*EXERCISE DIRECTIONS:*
Images should be left out, and everything else in the listing reproduced exactly.

*DATA EXTRACT:*
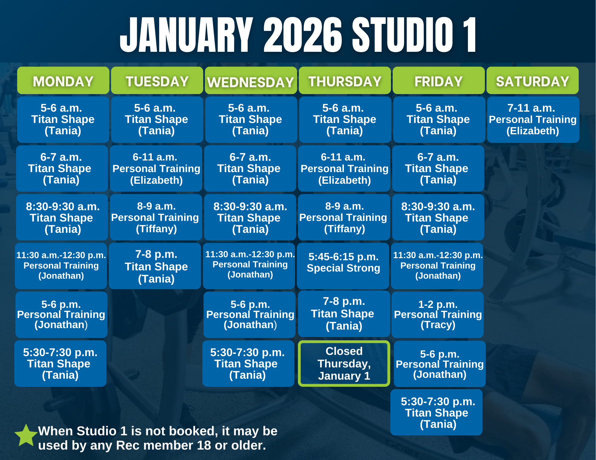 For more information and questions on group exercise classes, please contact our Fitness & Wellness Supervisor, Delaney Williams, at 972-731-1467 or del.williams@littleelm.org.
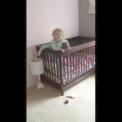 A baby girl climbs out of her crib. She knocks down a lamp and lands on top of it.
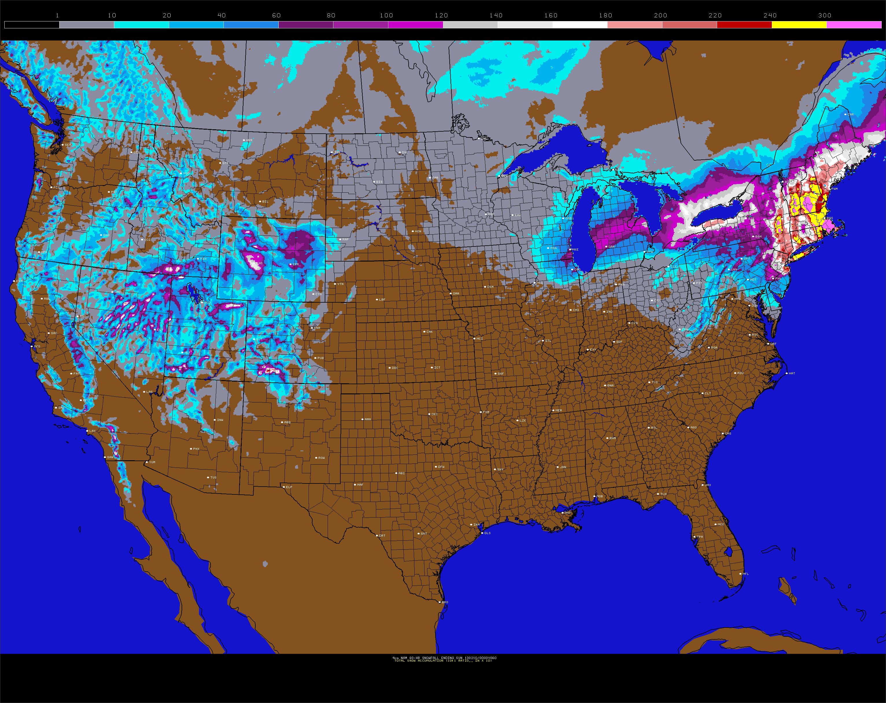 Since this appears to be one of the potentially bigger Winter Weather events in many years and will affect the major Megalopolis of the NE I-95 Corridor for the Philadelphia/New York City/Boston areas, we will keep information and photos here as we did with Super Storm Sandy. The latest short range meso guidance is spitting out totals of nearly 3 feet of snow and winds nearing Hurricane force beginning tomorrow and continuing into the weekend. It should be noted that major societal impacts from such an event, should it actually happen could be rather far reaching affecting air travel across the Globe. There are indications of 3-4 inch per hour snow fall rates with thunder snow as the dynamics will be very conducive a potentially crippling blizzard across that Region.

*ANSWER FOR THIS EXERCISE:*
 For more information and questions on group exercise classes, please contact our Fitness & Wellness Supervisor, Delaney Williams, at 972-731-1467 or del.williams@littleelm.org.
 A baby girl climbs out of her crib. She knocks down a lamp and lands on top of it.
 Since this appears to be one of the potentially bigger Winter Weather events in many years and will affect the major Megalopolis of the NE I-95 Corridor for the Philadelphia/New York City/Boston areas, we will keep information and photos here as we did with Super Storm Sandy. The latest short range meso guidance is spitting out totals of nearly 3 feet of snow and winds nearing Hurricane force beginning tomorrow and continuing into the weekend. It should be noted that major societal impacts from such an event, should it actually happen could be rather far reaching affecting air travel across the Globe. There are indications of 3-4 inch per hour snow fall rates with thunder snow as the dynamics will be very conducive a potentially crippling blizzard across that Region.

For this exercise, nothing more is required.